*** Opening of Data block ***
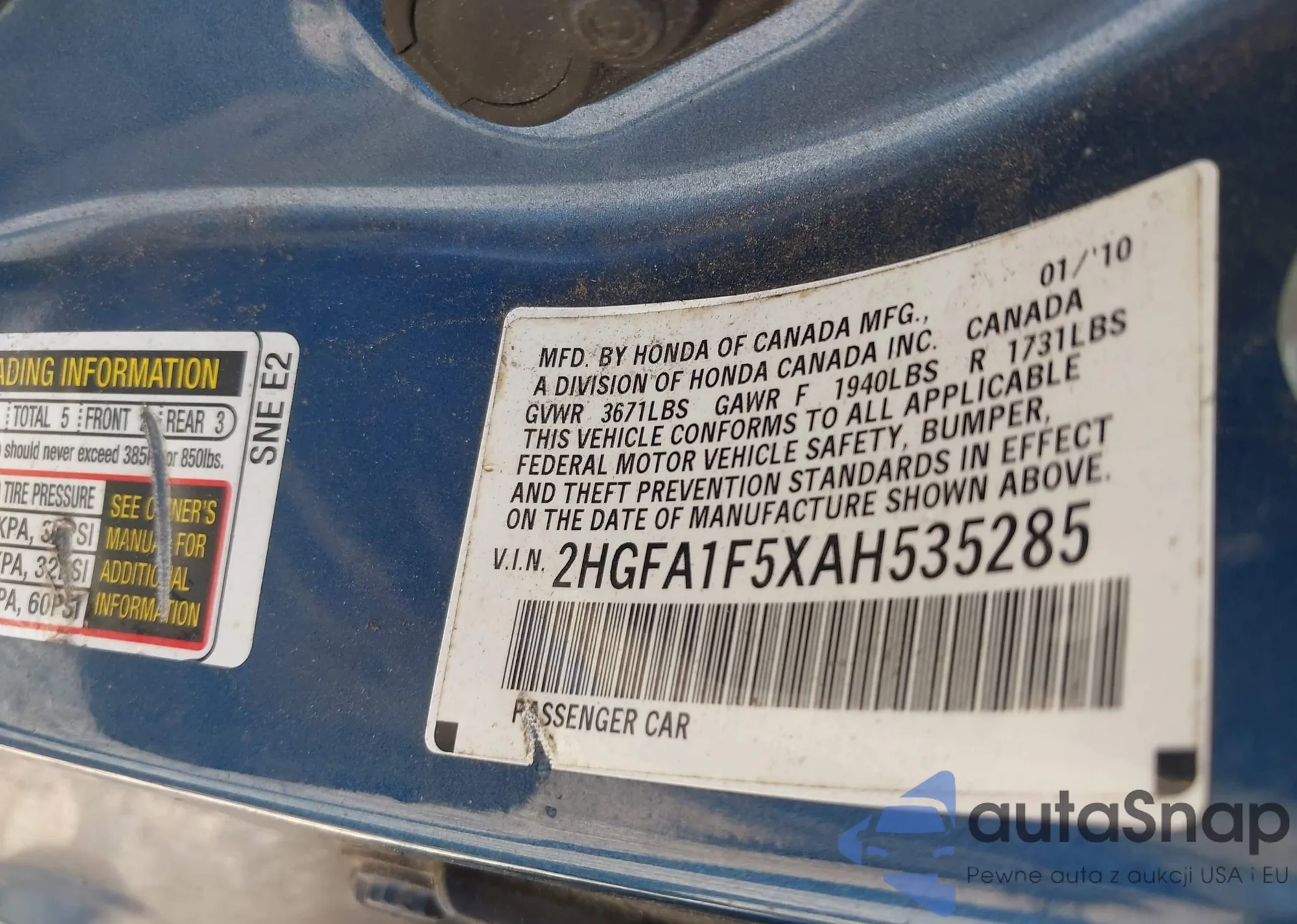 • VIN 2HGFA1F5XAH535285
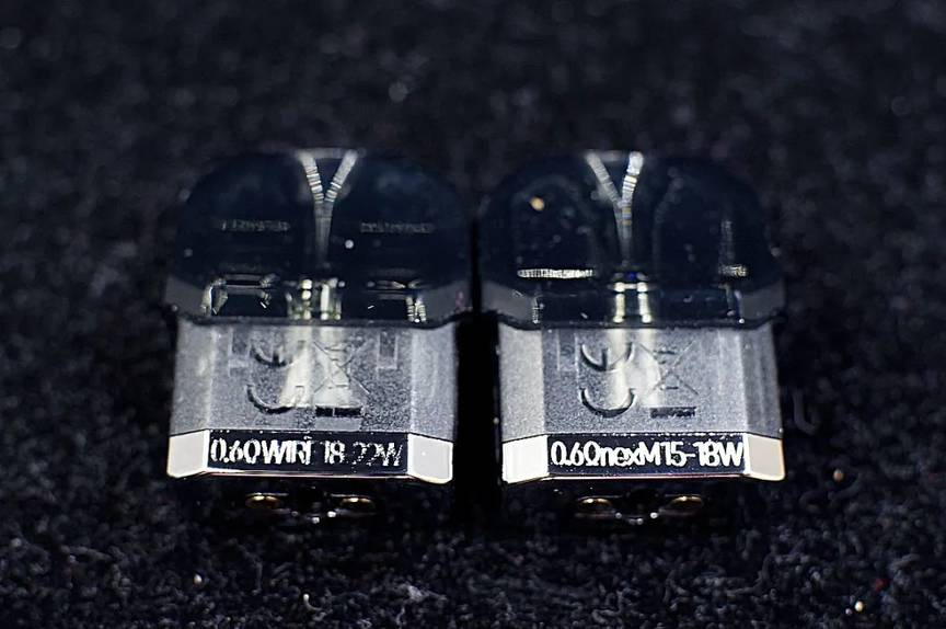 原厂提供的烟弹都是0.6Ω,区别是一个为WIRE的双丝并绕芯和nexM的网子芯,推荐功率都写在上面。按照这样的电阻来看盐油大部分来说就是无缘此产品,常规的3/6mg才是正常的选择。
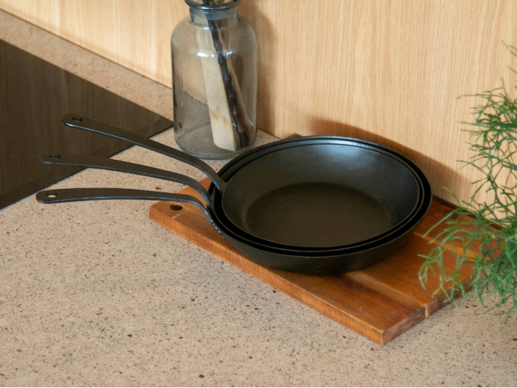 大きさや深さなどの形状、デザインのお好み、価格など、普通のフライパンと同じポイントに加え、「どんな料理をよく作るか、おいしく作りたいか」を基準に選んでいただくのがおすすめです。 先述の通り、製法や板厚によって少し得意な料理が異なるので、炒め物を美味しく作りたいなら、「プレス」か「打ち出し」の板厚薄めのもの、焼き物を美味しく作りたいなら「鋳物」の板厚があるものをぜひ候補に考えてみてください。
*** Close of Data block ***
= What is required =
A faithful, word-for-word copy of the data is needed; the pictures should not appear in it.

= Finished exercise =
 • VIN 2HGFA1F5XAH535285
 原厂提供的烟弹都是0.6Ω,区别是一个为WIRE的双丝并绕芯和nexM的网子芯,推荐功率都写在上面。按照这样的电阻来看盐油大部分来说就是无缘此产品,常规的3/6mg才是正常的选择。
 大きさや深さなどの形状、デザインのお好み、価格など、普通のフライパンと同じポイントに加え、「どんな料理をよく作るか、おいしく作りたいか」を基準に選んでいただくのがおすすめです。 先述の通り、製法や板厚によって少し得意な料理が異なるので、炒め物を美味しく作りたいなら、「プレス」か「打ち出し」の板厚薄めのもの、焼き物を美味しく作りたいなら「鋳物」の板厚があるものをぜひ候補に考えてみてください。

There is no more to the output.